Print

Print


We had stemming on for authors at first (maybe was the VUFind default way
back when?) and turned it off as soon as we noticed. The initial complaint
was that searching on "Rowles" gave records for "Rowling." and of course
it's not hard to find other examples, esp. with the -ing suffix.

On Mon, Jun 13, 2011 at 8:08 PM, Jonathan Rochkind <[log in to unmask]> wrote:

> In a Solr-based search, stemming is done at indexing time, into fields with
> stemmed tokens.
>
> It seems typical in library-catalog type applications based on Solr to have
> the default (or even only) searches be over these stemmed fields, thus
> 'auto-stemming' to the user. (Search for 'monkey', find 'monkeys' too, and
> vice versa).
>
> I am curious how many people, who have Solr based catalogs (that is, I'm
> interested in people who have search engines with majority or only content
> originally from MARC), use such stemmed fields ('auto-stemming') over their
> _author_ fields as well.
>
> There are pro's and con's to this.
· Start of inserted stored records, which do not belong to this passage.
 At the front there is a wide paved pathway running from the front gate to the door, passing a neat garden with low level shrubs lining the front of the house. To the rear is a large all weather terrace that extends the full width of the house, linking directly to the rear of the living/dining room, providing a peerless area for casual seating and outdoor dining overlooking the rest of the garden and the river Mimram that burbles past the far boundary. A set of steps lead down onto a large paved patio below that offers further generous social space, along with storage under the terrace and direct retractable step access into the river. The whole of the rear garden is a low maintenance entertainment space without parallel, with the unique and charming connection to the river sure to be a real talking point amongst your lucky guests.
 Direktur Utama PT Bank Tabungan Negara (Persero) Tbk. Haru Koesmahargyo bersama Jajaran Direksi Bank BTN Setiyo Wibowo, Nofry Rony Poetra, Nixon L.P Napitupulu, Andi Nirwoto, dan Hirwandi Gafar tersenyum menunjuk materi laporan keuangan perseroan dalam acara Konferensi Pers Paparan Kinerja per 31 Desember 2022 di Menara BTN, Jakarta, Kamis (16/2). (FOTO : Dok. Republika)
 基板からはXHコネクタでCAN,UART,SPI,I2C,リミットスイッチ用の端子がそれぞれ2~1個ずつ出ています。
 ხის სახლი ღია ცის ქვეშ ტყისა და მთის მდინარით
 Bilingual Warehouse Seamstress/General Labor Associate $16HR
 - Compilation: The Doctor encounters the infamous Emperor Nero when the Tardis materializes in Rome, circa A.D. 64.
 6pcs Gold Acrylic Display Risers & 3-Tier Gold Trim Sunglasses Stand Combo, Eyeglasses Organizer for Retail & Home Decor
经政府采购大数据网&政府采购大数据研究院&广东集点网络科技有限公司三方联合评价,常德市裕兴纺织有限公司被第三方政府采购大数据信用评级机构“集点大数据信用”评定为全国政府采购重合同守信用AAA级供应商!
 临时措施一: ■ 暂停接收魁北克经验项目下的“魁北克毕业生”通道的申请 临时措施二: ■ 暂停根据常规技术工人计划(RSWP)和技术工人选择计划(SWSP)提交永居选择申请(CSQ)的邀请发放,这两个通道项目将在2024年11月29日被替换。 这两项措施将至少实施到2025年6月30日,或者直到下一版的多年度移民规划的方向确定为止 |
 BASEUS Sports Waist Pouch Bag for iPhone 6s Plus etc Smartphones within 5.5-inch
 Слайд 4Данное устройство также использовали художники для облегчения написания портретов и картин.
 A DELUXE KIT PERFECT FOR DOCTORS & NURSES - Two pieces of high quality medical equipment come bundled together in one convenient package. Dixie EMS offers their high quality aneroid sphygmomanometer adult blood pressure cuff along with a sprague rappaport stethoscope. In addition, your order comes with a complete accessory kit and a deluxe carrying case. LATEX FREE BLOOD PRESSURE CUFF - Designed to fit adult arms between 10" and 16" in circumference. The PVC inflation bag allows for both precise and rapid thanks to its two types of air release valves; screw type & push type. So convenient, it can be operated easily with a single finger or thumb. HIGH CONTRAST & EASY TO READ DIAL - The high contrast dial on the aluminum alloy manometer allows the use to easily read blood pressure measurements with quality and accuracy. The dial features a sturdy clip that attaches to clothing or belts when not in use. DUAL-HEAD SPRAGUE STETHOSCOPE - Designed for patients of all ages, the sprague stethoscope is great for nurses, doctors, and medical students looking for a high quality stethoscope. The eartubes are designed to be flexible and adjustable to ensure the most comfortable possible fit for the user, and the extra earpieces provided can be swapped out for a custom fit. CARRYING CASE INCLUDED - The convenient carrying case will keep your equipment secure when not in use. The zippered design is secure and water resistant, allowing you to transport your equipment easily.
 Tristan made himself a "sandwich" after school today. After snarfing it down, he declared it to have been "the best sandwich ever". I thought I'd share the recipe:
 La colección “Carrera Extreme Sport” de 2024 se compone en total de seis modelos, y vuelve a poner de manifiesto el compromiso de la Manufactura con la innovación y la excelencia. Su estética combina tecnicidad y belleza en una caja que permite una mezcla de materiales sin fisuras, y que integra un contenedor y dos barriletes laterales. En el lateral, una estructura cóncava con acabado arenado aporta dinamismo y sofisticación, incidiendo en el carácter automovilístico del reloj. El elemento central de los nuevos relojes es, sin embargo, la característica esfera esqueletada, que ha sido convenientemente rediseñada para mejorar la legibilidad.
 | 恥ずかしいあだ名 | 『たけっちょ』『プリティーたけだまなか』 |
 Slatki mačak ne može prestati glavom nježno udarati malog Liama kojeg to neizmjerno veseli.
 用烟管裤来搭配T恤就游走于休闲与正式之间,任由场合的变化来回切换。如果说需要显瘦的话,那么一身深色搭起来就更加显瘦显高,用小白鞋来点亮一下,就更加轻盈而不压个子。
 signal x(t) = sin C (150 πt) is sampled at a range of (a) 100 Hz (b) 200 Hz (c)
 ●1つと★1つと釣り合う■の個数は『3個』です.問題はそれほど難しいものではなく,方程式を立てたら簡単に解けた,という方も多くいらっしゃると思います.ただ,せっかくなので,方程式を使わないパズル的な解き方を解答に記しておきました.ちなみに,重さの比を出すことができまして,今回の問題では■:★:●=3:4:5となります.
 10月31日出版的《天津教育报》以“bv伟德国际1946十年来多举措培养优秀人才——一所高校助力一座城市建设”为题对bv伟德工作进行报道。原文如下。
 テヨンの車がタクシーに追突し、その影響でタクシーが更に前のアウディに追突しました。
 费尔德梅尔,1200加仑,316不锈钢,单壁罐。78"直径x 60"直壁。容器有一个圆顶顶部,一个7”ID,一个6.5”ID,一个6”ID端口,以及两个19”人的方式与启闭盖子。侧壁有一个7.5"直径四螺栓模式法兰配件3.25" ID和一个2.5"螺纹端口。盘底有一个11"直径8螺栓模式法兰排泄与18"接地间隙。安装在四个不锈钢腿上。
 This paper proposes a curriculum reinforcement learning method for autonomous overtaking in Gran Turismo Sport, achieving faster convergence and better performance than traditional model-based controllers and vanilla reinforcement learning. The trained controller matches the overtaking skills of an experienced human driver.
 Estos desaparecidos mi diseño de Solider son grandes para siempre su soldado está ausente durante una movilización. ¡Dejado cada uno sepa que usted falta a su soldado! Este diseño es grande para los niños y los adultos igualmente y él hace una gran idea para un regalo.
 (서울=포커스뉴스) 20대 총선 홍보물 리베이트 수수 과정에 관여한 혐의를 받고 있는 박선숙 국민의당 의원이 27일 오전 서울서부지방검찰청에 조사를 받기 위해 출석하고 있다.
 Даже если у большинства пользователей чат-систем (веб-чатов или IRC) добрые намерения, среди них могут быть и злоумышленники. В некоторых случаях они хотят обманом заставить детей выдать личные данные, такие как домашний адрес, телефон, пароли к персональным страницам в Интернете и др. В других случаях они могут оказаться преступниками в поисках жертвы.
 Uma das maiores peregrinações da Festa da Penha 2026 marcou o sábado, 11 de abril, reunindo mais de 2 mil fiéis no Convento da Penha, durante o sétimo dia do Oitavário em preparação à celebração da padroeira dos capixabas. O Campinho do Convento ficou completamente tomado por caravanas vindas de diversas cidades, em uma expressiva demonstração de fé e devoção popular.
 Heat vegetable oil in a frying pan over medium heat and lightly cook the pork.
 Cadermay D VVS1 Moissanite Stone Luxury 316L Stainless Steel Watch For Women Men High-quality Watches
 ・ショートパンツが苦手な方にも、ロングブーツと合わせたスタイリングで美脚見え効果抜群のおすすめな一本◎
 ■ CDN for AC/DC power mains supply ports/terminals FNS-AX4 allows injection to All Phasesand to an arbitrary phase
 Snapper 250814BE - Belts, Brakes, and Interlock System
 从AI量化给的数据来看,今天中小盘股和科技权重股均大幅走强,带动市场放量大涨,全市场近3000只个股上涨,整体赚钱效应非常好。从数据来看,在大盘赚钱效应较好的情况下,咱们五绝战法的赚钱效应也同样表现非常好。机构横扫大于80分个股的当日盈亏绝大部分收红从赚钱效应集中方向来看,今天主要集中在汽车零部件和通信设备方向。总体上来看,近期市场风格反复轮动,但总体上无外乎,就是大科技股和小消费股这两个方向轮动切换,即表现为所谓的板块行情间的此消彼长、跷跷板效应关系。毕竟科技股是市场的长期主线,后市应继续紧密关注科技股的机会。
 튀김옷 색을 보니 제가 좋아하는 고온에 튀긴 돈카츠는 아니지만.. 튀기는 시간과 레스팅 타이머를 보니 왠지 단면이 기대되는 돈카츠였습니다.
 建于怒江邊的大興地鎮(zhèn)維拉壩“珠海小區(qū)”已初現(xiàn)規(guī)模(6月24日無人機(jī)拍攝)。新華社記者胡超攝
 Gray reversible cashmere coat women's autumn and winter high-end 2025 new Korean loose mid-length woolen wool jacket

There are certainly some things in an
> author field that would benefit from stemming (mostly various kinds of
> corporate authors, some of whose endings end up looking like english
> language phrases). There are also very many things in an author field that
> would not benefit from stemming, and thus when stemming is done it
> sometimes(/often?) results in false matches, "pluralizing" an author's last
> name in an inappropriate way for instance.
>
> So, wanna say on the list, if you are using a Solr-based catalog, are you
> using stemmed fields for your author searches? Curious what people end up
> doing.  If there are any other more complicated clever things you've done
> than just stem-or-not, let us know that too!
>
> Jonathan
>



-- 
Bill Dueber
Library Systems Programmer
University of Michigan Library